_Required action_
In the listing below, locate the line that contains "କିଛି ସମୟରେ ଚାଳକ" and the line that contains "Una recente gara del Costalunga". Restate word for word those two lines and every line between them, and nothing else.

◇ ◇ ◇

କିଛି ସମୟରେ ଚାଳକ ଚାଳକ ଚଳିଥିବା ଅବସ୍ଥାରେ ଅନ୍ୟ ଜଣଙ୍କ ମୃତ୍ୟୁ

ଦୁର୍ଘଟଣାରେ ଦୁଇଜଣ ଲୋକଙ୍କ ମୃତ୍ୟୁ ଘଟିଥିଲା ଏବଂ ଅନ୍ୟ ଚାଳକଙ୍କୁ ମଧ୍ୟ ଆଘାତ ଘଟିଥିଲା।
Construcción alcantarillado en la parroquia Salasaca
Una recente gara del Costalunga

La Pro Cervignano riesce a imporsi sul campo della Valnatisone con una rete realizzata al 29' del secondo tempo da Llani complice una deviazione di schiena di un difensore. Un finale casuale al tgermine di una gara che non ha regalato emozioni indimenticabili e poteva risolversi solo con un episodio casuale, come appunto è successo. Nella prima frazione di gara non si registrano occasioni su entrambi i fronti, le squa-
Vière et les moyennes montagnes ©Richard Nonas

◇ ◇ ◇

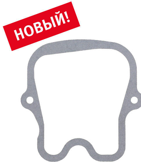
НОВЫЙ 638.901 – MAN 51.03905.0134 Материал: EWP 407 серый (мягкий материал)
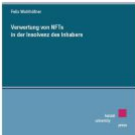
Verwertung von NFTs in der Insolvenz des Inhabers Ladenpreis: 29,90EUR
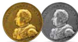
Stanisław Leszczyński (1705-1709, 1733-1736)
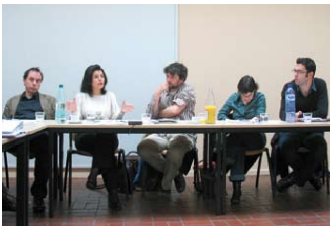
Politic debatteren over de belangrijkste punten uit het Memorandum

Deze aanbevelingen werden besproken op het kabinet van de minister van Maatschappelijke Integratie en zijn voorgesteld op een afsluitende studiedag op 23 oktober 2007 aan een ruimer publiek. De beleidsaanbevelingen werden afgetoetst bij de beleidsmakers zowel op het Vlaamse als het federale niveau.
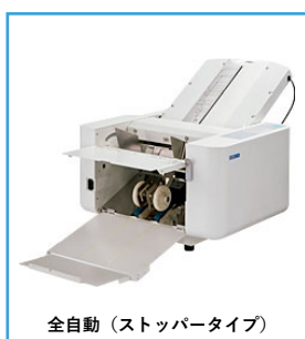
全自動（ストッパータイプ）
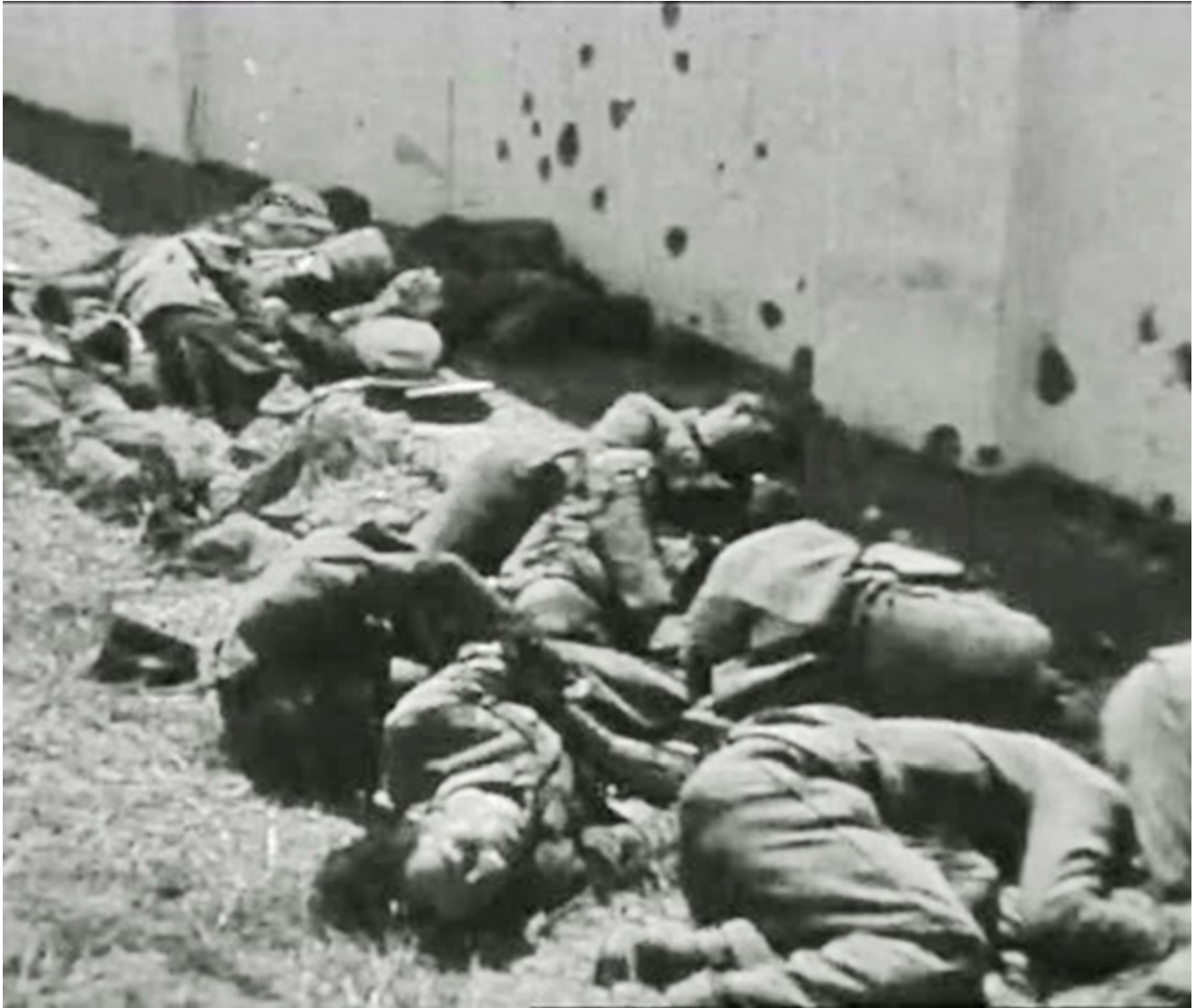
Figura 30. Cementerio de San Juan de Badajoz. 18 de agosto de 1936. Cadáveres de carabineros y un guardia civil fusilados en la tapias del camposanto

◇ ◇ ◇

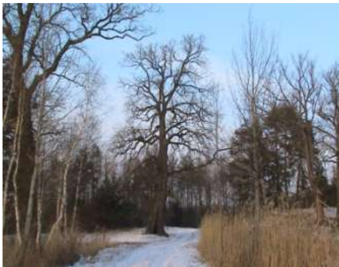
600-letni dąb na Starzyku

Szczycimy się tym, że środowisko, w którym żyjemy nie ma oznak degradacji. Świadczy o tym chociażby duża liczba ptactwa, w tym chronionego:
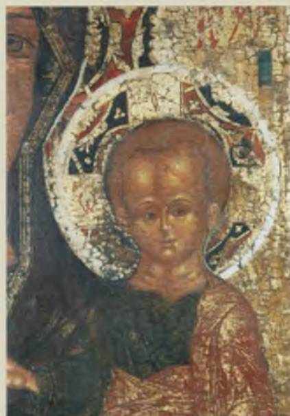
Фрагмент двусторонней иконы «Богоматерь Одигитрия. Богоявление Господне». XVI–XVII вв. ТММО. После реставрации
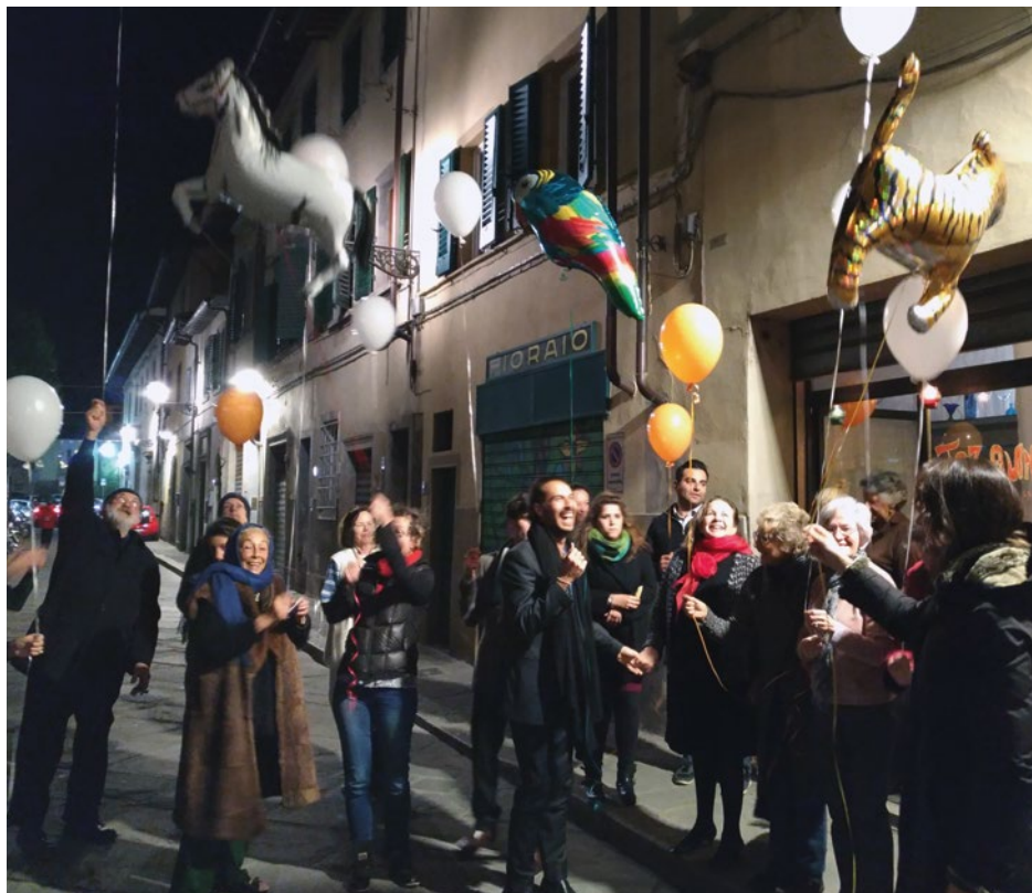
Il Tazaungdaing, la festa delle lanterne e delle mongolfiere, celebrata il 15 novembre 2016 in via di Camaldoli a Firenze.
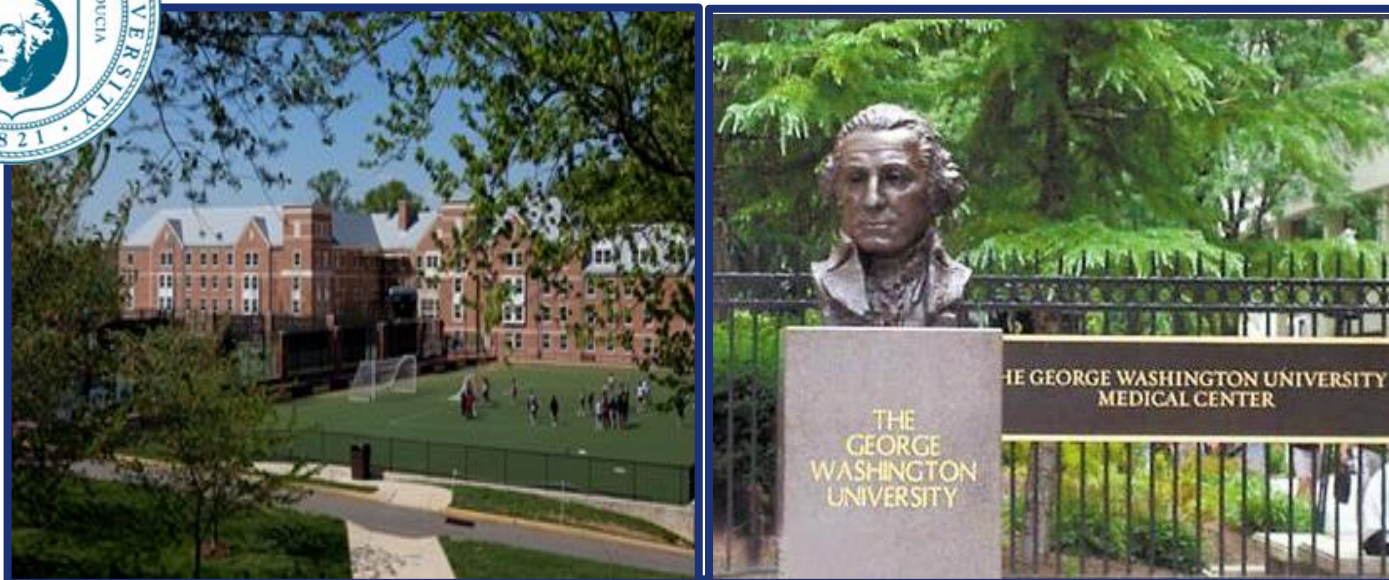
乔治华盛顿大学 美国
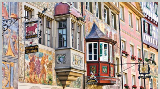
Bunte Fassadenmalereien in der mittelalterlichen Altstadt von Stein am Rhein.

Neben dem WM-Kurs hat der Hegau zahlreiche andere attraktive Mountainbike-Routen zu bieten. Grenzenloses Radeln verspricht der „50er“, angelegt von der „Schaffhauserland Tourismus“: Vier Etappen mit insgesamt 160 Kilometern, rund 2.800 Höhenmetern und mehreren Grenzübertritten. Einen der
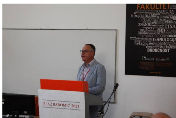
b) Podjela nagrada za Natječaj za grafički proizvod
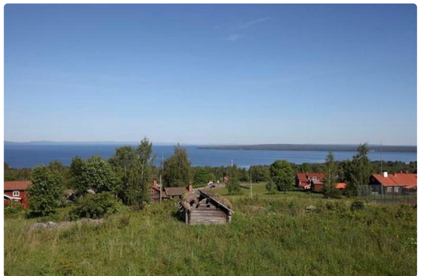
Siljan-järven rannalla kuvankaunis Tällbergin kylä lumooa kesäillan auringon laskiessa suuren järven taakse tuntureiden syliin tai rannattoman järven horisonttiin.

◇ ◇ ◇

_Answer space_
କିଛି ସମୟରେ ଚାଳକ ଚାଳକ ଚଳିଥିବା ଅବସ୍ଥାରେ ଅନ୍ୟ ଜଣଙ୍କ ମୃତ୍ୟୁ

ଦୁର୍ଘଟଣାରେ ଦୁଇଜଣ ଲୋକଙ୍କ ମୃତ୍ୟୁ ଘଟିଥିଲା ଏବଂ ଅନ୍ୟ ଚାଳକଙ୍କୁ ମଧ୍ୟ ଆଘାତ ଘଟିଥିଲା।
Construcción alcantarillado en la parroquia Salasaca
Una recente gara del Costalunga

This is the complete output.